A Dimeric NHC-Silicon Monotelluride: Synthesis, Isomerization, and Reactivity.

The reaction of the NHC-disilicon(0) complex [(IAr )Si=Si(IAr )] (1, IAr =:C{N(Ar)C(H)}2 , Ar=2,6-iPr2 C6 H3 ) with two equiv of elemental Te in toluene at room temperature for three days afforded a mixture of the first dimeric NHC-silicon monotelluride [(IAr )Si=Te]2 (2) and its isomeric complex [(IAr )Si(µ-Te)Si(IAr )=Te] (3).
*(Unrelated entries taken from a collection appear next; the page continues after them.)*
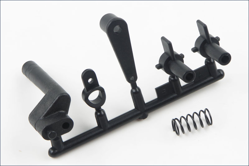 Protector Set - Стойка крепления глушителя, качалки механизма защиты переключения передачи ( установлен на сервомашинке ), пружинка для автомодели Kyosho MFR.
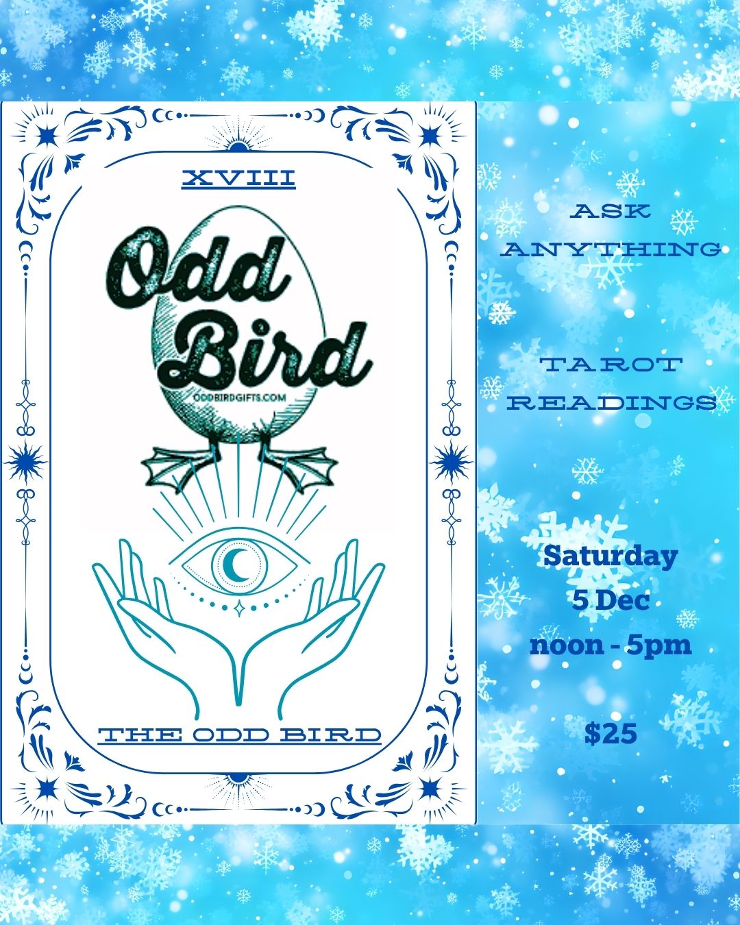 Readings will take place in our upstairs studio at Odd Bird, walk in appointments only.
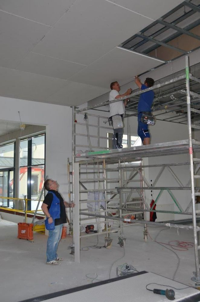 Derzeit erfolgen beim Pfarrheim Trockenbauarbeiten (Küchentrennwand und Decken).
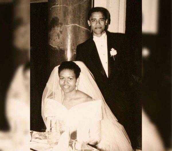 Похожая история знакомства была у Барака и Мишель Обамы. Впервые молодые юристы встретились в юридической фирме Сидли Остин в городе Чикаго. Мишель долго не реагировала на знаки внимания со стороны Обамы, но спустя некоторое время уступила натиску будущего президента. Спустя три года Мишель и Барак оформили свои отношения официально. Невеста была в шикарном белом платье с вуалью и остроконечными рукавами на плечах.
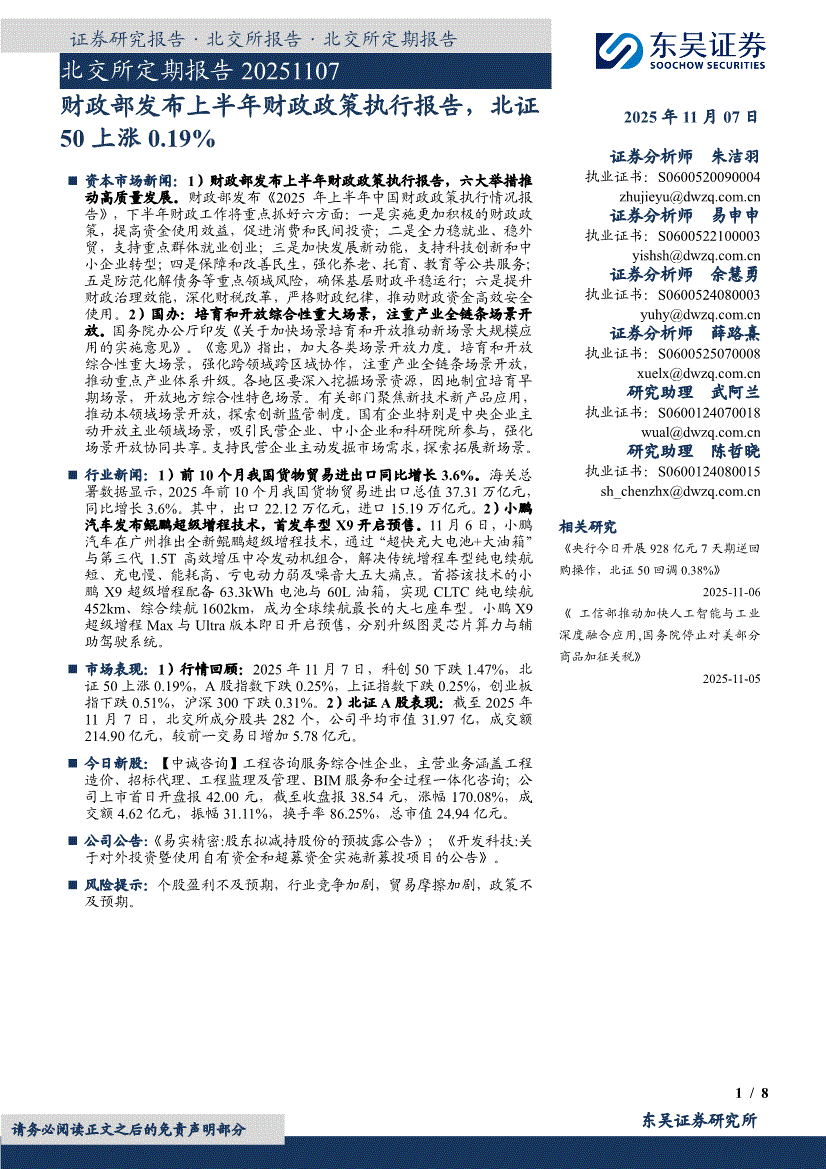 东吴证券-北交所定期报告:财政部发布上半年财政政策执行报告,北证50上涨0.19%-251107
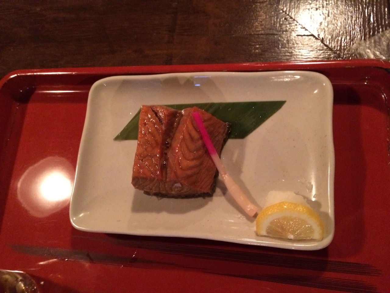 新潟の地酒はすべて揃っているとのことです。メニューも新潟を感じさせるものばかり。目移りして困りましたが、お通しの豚肉の陶板焼きを始めに、南蛮エビの刺身、鮭の焼漬、酒盗とウニとイクラのサラダなどをいただきました。

When the same reaction was performed for ten days, only 3 was isolated from the reaction mixture. Compound 1 reacted with four equiv of elemental Te in toluene for four weeks, which proceeded through the formation of 2, 3 and the NHC-disilicon tritelluride complex [{(IAr )Si(=Te)}2 Te] (5-Te), to form the dimeric NHC-silicon ditelluride [(IAr )Si(=Te)(µ-Te)]2 (4). The reactions are in line with theoretical mechanistic studies for the formation of 4. Compound 3 reacted with one equiv of elemental sulfur in toluene to form the first NHC-disilicon sulfur ditelluride complex [{(IAr )Si(=Te)}2 S] (5-S).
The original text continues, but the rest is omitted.